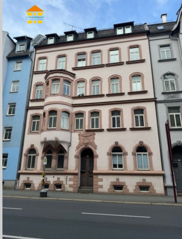
Trockentalstraße 91 in 08527 Plauen
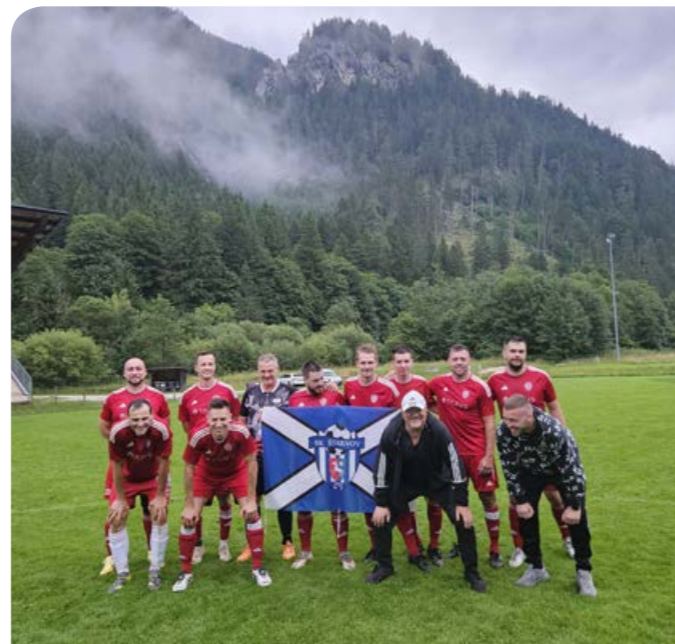
SK Štarnov v Mariazell.
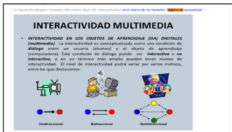
Figura 3. Captura 3

Además de la ejemplificación-expansión, la otra forma de relación que encontramos entre escritura de texto y otros lenguajes o modos en el marco que supone el resumen es la expansión-repetición. Mediante la incorporación de imágenes y videos orientados a la explicación –infografías, tutoriales, gráficos, entre otros–, los alumnos, por un lado, aportan nueva información sobre el concepto sintetizado; lo expanden con nueva información. Podemos aportar aquí el ejemplo de una alumna que, luego de sintetizar por escrito el concepto de interactividad, de Scolari (2008), incorpora a su resumen un cuadro (Asignatura Tecnología Educativa, 2016a) que explica los diferentes tipos de interactividad existentes en los llamados Objetos de aprendizaje digitales (Figura 3. Captura 3).
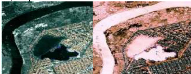
Figura 4. Região do rio Poti e lago Mocambinho sem e com filtro multiespectral, respectivamente.

4 apresentam imagens obtidas pelos satélites com e sem a varredura multiespectral. A segunda imagem apresenta um contraste negativo por análise multiespectral para visualização do material em suspensão, água e esgoto.
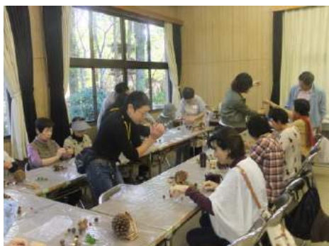
トロッケンゲビンデ作り
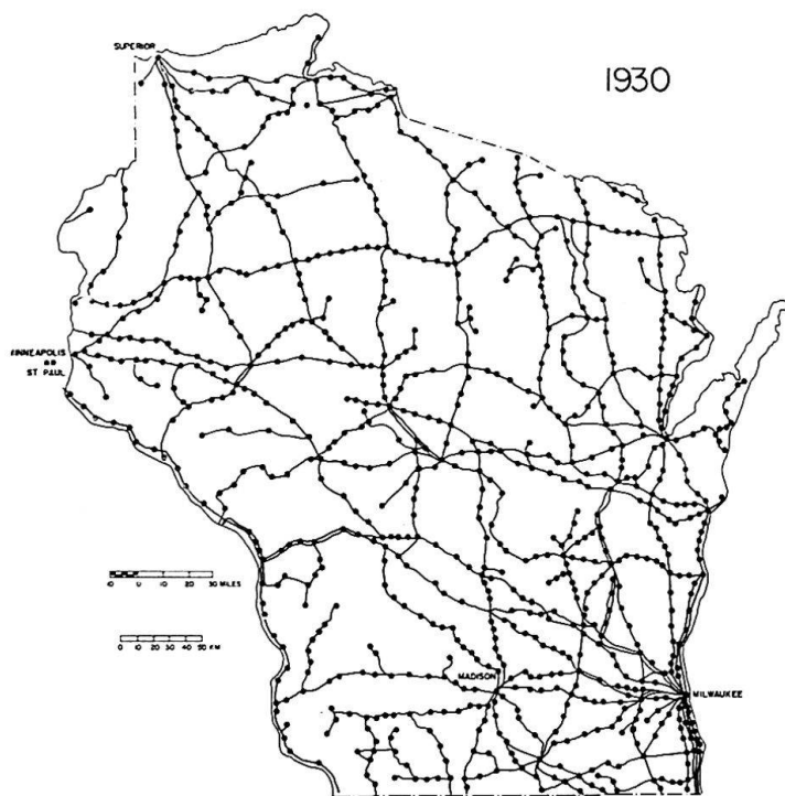
Figure 3. Lignes avec services de voyageurs en 1930
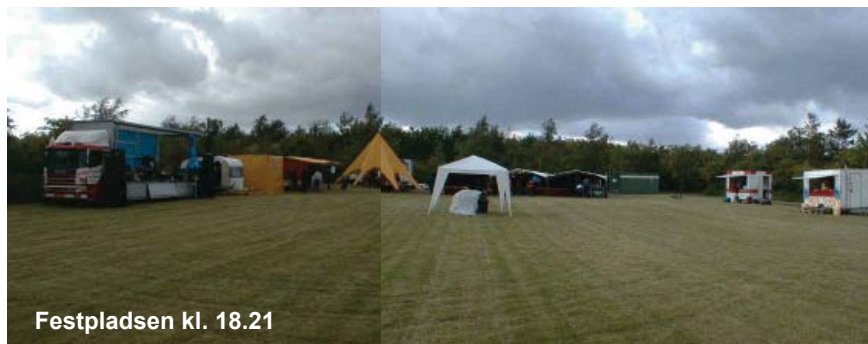
Festpladsen kl. 18.21
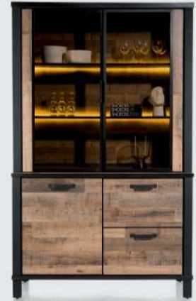
art. nr. 42454 Buffet 130 cm. - 2-deuren + 2- glasdeuren (+LED) bxhxd: 130x210x42/35
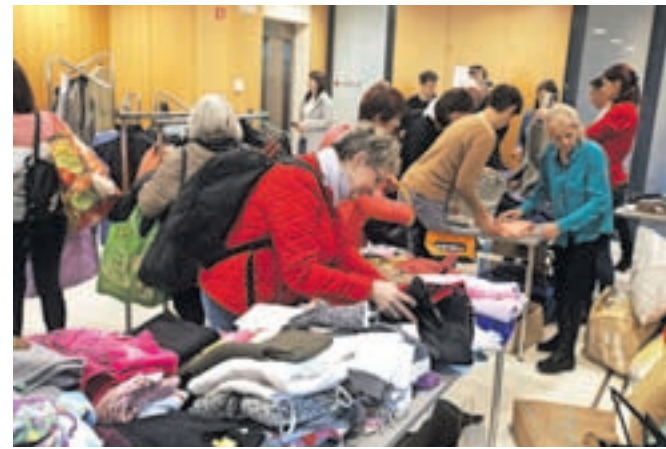
Tudi tokratna izmenjevalnica je v zgornje nadstropje radovljiške knjižnice privabila veliko ljudi.

Z dogodkom so bili zadovoljni tudi v Fundaciji Vincenca Drakslerja. »Veseli
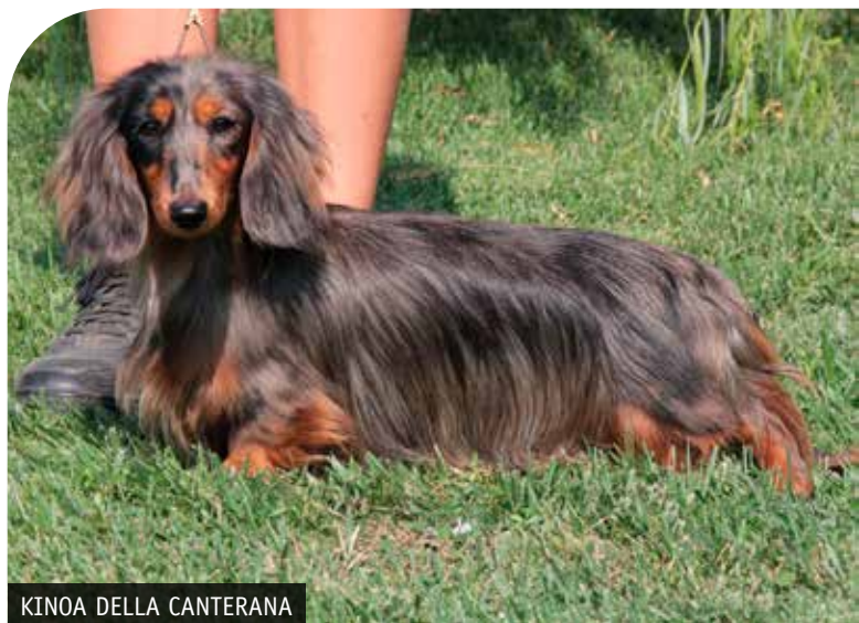
KINOA DELLA CANTERANA
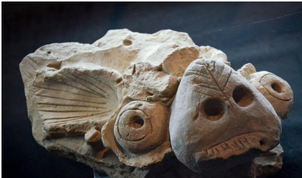
Зураг 7. Өвөрхавцалын амны 6 дугаар дөрвөлжингийн малтлагаас илэрсэн сүм дугана, барилгын багана, дээвэрт байрлуулдаг чимэглэл(хажуу талаас).
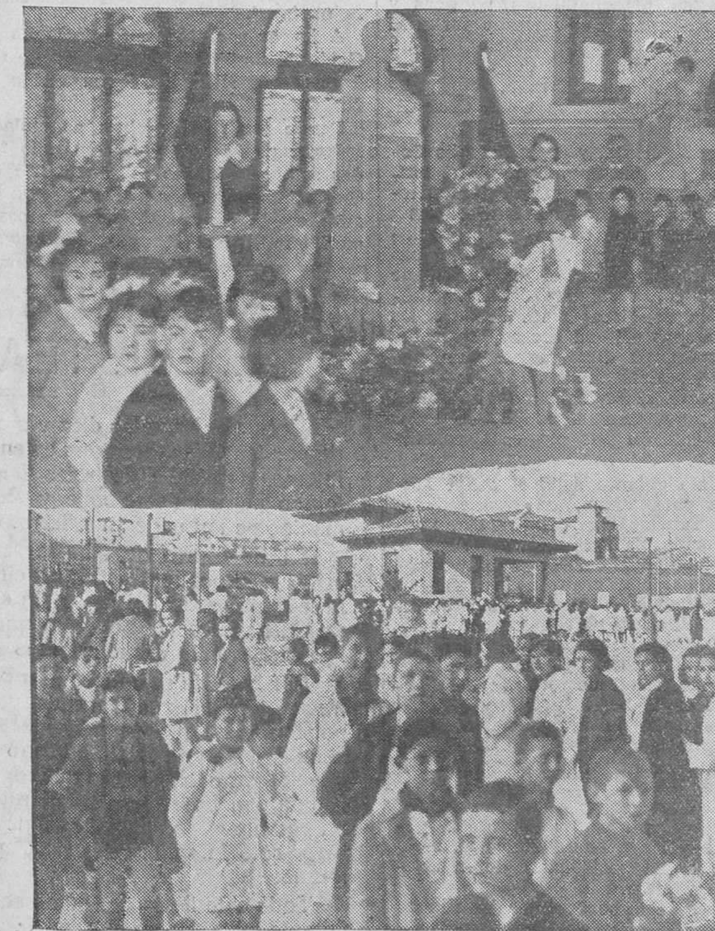
Los niños del grupo escolar Ramón Pelayo, que depositaron flores ante la estatua del marqués, desfilando por el «chall» de la Casa de Salud Valdecilla.

También visitaron al alcalde las operarias de la fábrica de tabacos,
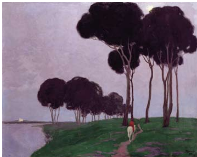
A.ROMANS „Ainava ar jātnieku” 1910.

5. Iztēlojies, ka A. Romana darbā „Ainava ar jātnieku” ir dienas vidus un spīd spoža saule! Uzzīmē, kā tas varētu izskatīties!
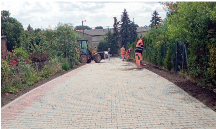
ul. Na Wzgórzu w Wilczynie

Przebudowa ulicy Na Wzgórzu w Wilczynie to jedna z wielu inwestycji drogowych, które są realizowane na terenie Gminy Duszniki w tym roku. Inwestycja ta została już ostatecznie odebrana 26 sierpnia. Łączna kwota robót wyniosła 107.145 zł. Prace polegały na przebudowie pasa drogowego na długości 97 mb poprzez wykonanie nawierzchni jezdni, opaski i zjazdów z kostki brukowej betonowej. Wykonawcą tej inwestycji była firma Renomex z Dusznik.
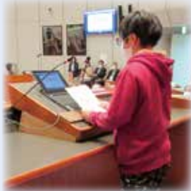
▲議員と市長が登壇する演壇を使い発表
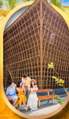
อาคารไม้ไผ่
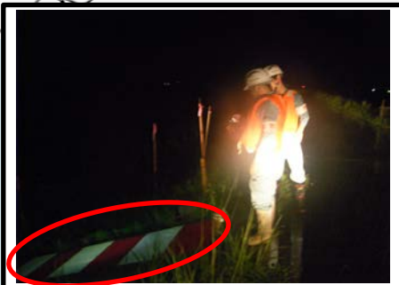
水位を確認し、堤防天端までの余裕を確認しています。(赤と白の高さの間隔は20cm)
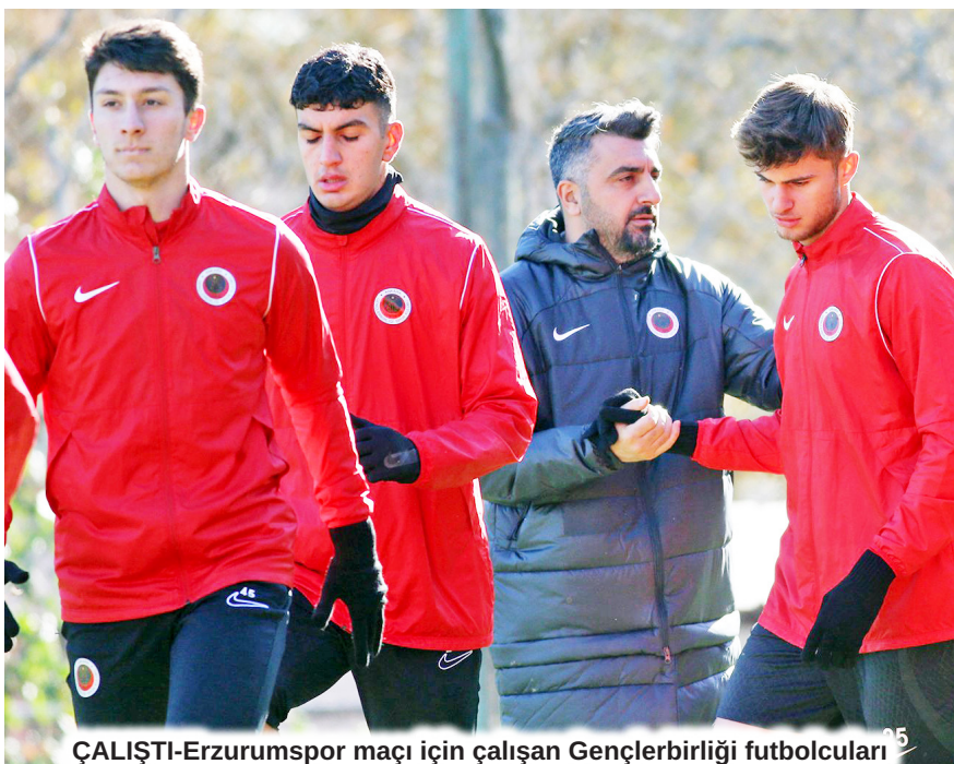
ÇALIŞTI-Erzurumspor maçı için çalışan Gençlerbirliği futbolcuları
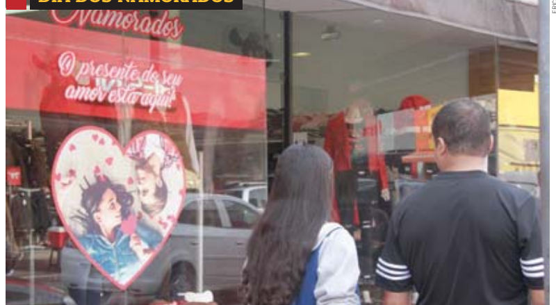
Comércio de Suzano já se prepara para a data. Cidades, página 6
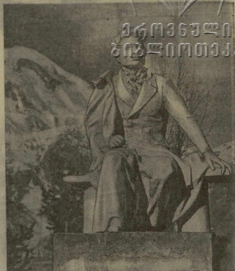
Военно-Грузинская дорога! По ней проходили А. С. Пушкин, М. Ю. Лермонтов... Замечательные стихи, сложенные в честь первооткрывателя Кавказа, Дарьяльского ущелья, Терек, этих чудесных уголков Грузии, вошли в золотой фонд мировой литературы. В эти дни в районном центре Казеги, у начала Дарьяльского ущелья, на фоне знаменитого Казбека установлен памятник великому русскому поэту Александру Сергеевичу Пушкину. На снимке: памятник А. С. Пушкину в Дарьяльском ущелье.

В обоих случаях мы не располагали конкретными фактами; мы исходили только из предположений. Подобные предположения, не подтвержденные, однако, конкретными фактами, безусловно, допустимы. Исследователь вправе привлечь к ним внимание читателя, но объявлять эти предположения за факт, как это нередко наблюдается в литературоведческой практике, с моей точки зрения, недопустимо. Они требуют проверки. Надо полагать, что дальнейшее разяснение, открытие новых документальных данных, безусловно, подтвердят самые смелые наши предположения.
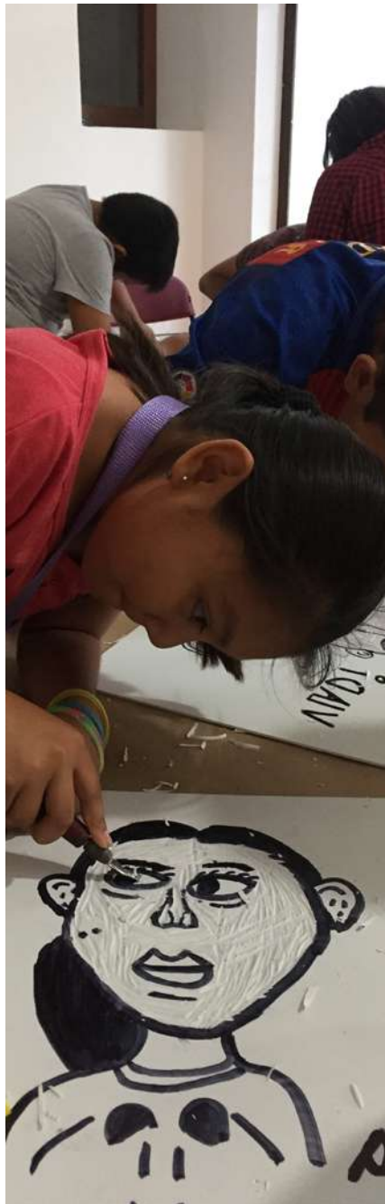
Taller infantil de grabado.
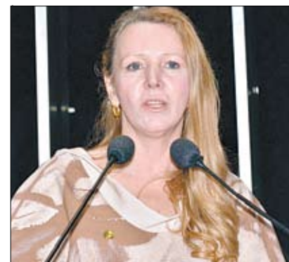
“Ajudamos a redemocratizar o país”, diz a senadora, na vida pública desde 1979

– Posso dizer com orgulho que o Piauí não é mais o estado mais pobre do Brasil – afirmou ele, sendo cumprimentado por Gleisi Hoffmann (PT-PR), Vanessa Grazziotin (PCdoB-AM) e Antonio Carlos Valadares (PSB-SE).
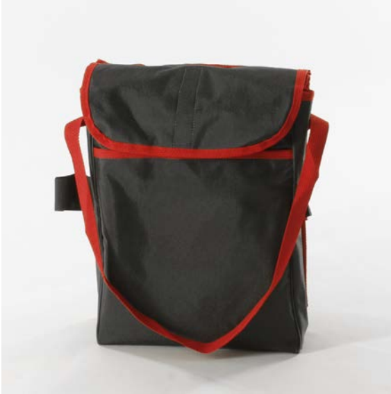
Rückenlehnen-Tasche für Sauerstoff
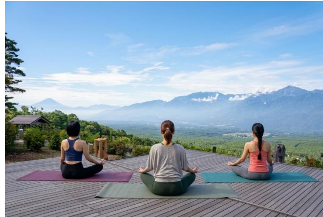
絶景スポットで朝ヨガ & 朝食体験
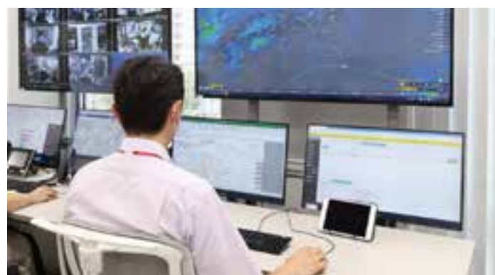
カスタマーサポートセンター (CSC)

CSCによる遠隔サポートと現場業務の省力化を通じて、従来の常駐型個別管理から巡回を主体に複数の施設をエリアで管理するモデルへと移行を進めています。このエリア管理を施設管理における標準仕様としていくことで、人手不足に対応しつつ、専門性を活かしたサービスを提供し続けていきます。
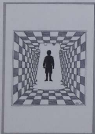
Василина-Прохорова, Е. Иллюстрация к роману "Защита Лужина", 1999: бумага, тушь, перо.

Набоков, В. Избранные произведения: [Защита Лужина (и др.)]. – М.: Советская Россия, 1989. – 400 с.
========
**REQUIRED WORK:** Your answer should be one number, the count of lines above that hold "Лужина".

**EXPECTED OUTPUT:** 2